● **Collected data**:
● ● ●
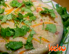 广式萝卜糕:'1.自发粉(面粉)用3杯水调匀使之溶解成自发粉浆;2.萝卜去皮刨丝,腊肉或香肠切丁,海米泡软切碎;3.用3大匙油炒香海米(虾米)及腊肉(香肠)后,倒入...
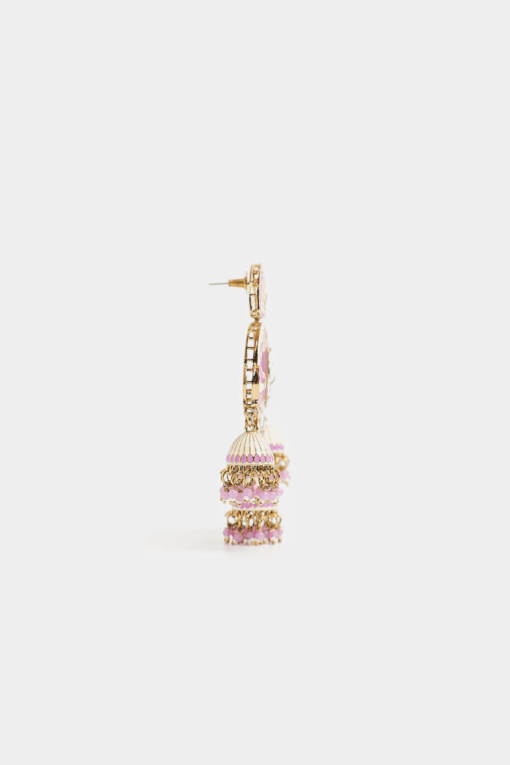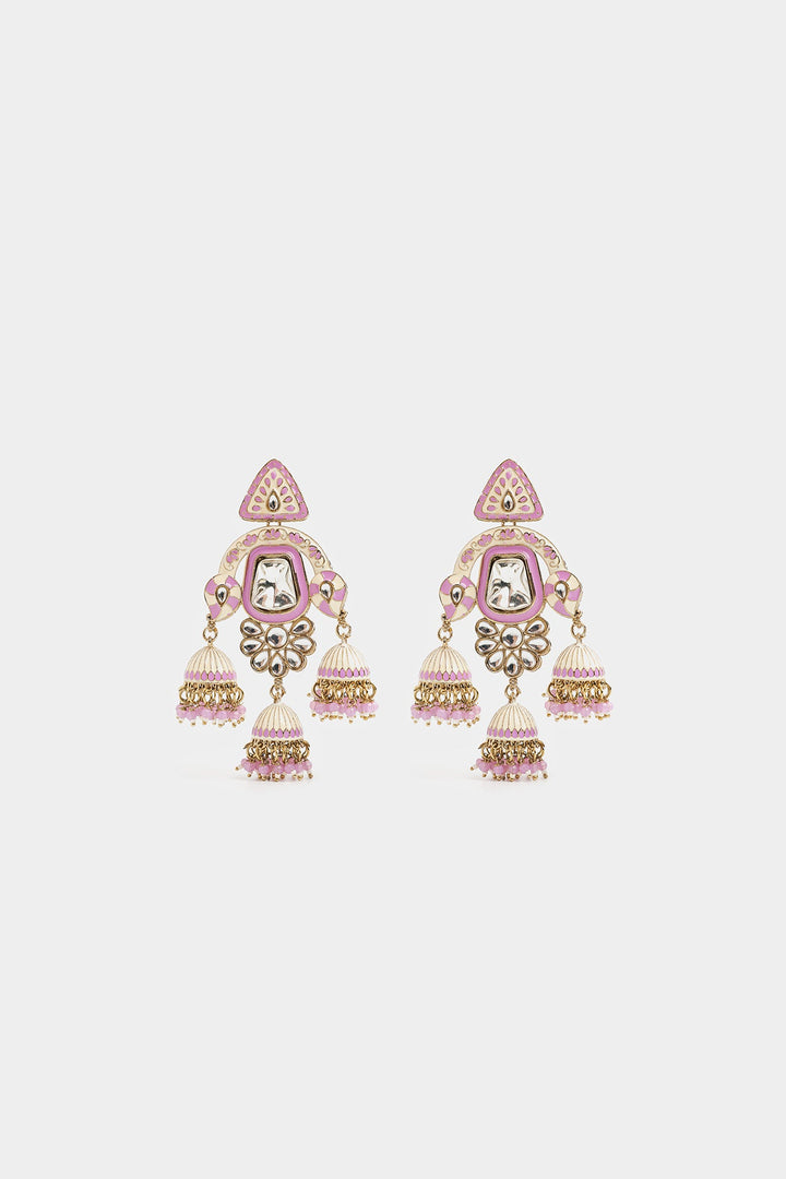 These earrings feature a small rectangular stud at the top, elegantly complemented by three dangling jhumkas that add traditional charm and rhythmic movement. A sophisticated piece suitable for both festive occasions and everyday wear.
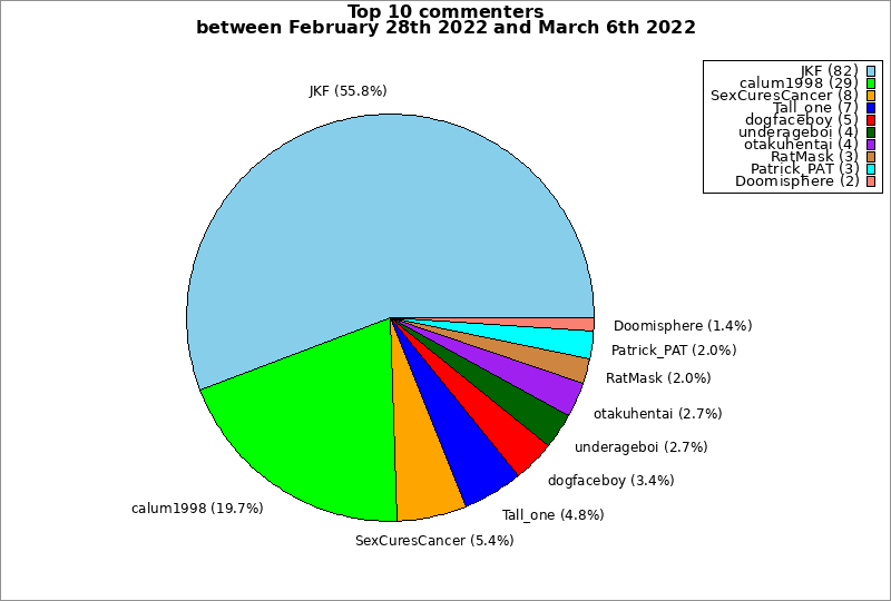 | Top 10 commenters between February 28th 2022 and March 6th 2022 | ||
● ● ●
● **Work item**: Leave out every picture, and copy exactly the lines from the line that contains "These earrings feature" through the end of the material.

● **Answer for this exercise**:
 These earrings feature a small rectangular stud at the top, elegantly complemented by three dangling jhumkas that add traditional charm and rhythmic movement. A sophisticated piece suitable for both festive occasions and everyday wear.
 | Top 10 commenters between February 28th 2022 and March 6th 2022 | ||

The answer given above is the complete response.